On December 14, the U.S. Department of Justice announced that it had filed a civil action on December 12 against three subsidiaries of YRC Worldwide — YRC Freight Inc. (YRC), Roadway Express Inc. (Roadway), and Yellow Transportation Inc. — alleging that these companies violated the False Claims Act by systematically overcharging the government for freight carrier services and making false statements to the government that hid their misconduct.

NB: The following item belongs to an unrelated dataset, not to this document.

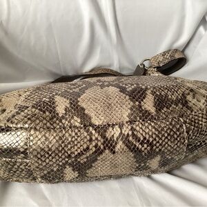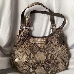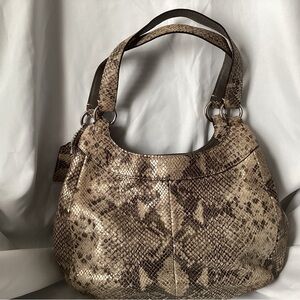 Stylish Coach shoulder bag with a striking python pattern. Features a blend of brown and tan tones. Perfect for adding a touch of luxury to your outfit.

The Department alleged that, for more than seven years, from September 2005 to at least October 2013, the defendant companies defrauded the U.S. Department of Defense “by millions of dollars for shipments that were actually lighter, and thus cheaper, than the weights for which the defendants charged the government. It also alleged that the defendant companies “knowingly made or used false statements concealing their overcharging practices to the Department of Defense.” According to the Department’s release, the companies
reweighed thousands of shipments and suppressed the results whenever they indicated that a shipment was actually lighter than its original estimated weight. Thus, instead of charging the Department of Defense for shipments based on the correct weight, the defendants knowingly billed the government (and their other customers) based on weights that they knew to be inflated. The defendants also allegedly made false statements to induce the Department of Defense to use them as freight carriers and further knowingly made or used false statements to improperly avoid their obligations to correct inflated invoices and return overpayments.

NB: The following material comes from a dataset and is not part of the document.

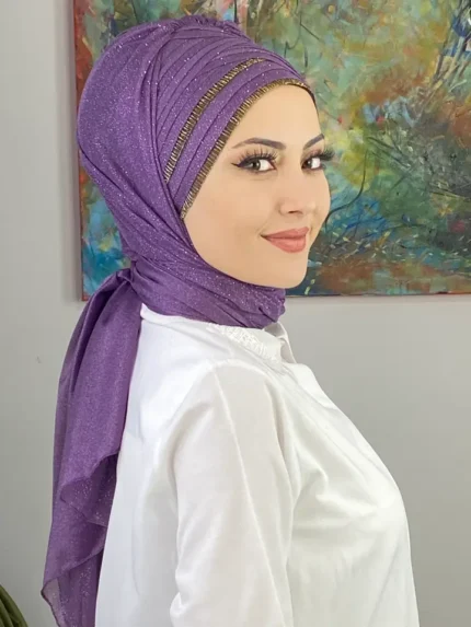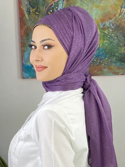 Dilber Model Çok Drapeli Sim Detaylı Şal – Mor

While the complaint did not specify the amount of damages the government was seeking, it stated that
[a]ccording to the records the Defendants kept for their billings to DOD between June 2010 and October 2012, the Defendants submitted to DOD approximately 725 false claims per month. Based on an extrapolation of those false claims per month to the September 2005 to October 2013 period at issue, the Defendants submitted to DOD approximately 70,000 false claims predicated on weights that they knew were too heavy.
This case by the Department is an intervention in a private FCA action that a qui tam relator, who allegedly worked for YRC and Roadway for more than 40 years, had filed in 2008 under the FCA’s qui tam provisions. Under the FCA, as stated in the complaint, the government’s remedies include treble damages for damages that the government sustains, as well as a civil penalty not less than $5,500 and not more than $11,000, for each violation of the FCA.
In response, on December 14 YRC Worldwide issued a release in which it deemed the government’s claims “totally without merit” and noted that its business with the Defense Department “currently represents less than one percent of YRC Freight’s annual revenue.”
Note: According to a senior Justice Department official, the FCA, including its qui tam provisions, is “one of the government’s most effective civil tools in protecting vital government programs from fraud schemes.” In one sense, this case is a typical example of a systematic-overcharging FCA case, and is not the first case that the Department brought in 2018 against shippers for inflating the weight of shipments.
It is noteworthy, however, that the Department chose to intervene in a qui tam private action that the relator brought ten years ago. Earlier this year, the Department’s Acting Associate Attorney General stated that because frivolous qui tam cases can “lead to bad case law, which can undermine enforcement of the False Claims Act generally,” the Department had instructed its attorneys “to consider whether moving to dismiss an action would be an appropriate exercise of the Department’s prosecutorial discretion under the False Claims Act.” The fact that the Department intervened here, despite the relative age of the allegations, provides some indication of the Department’s confidence in its proof of the allegations.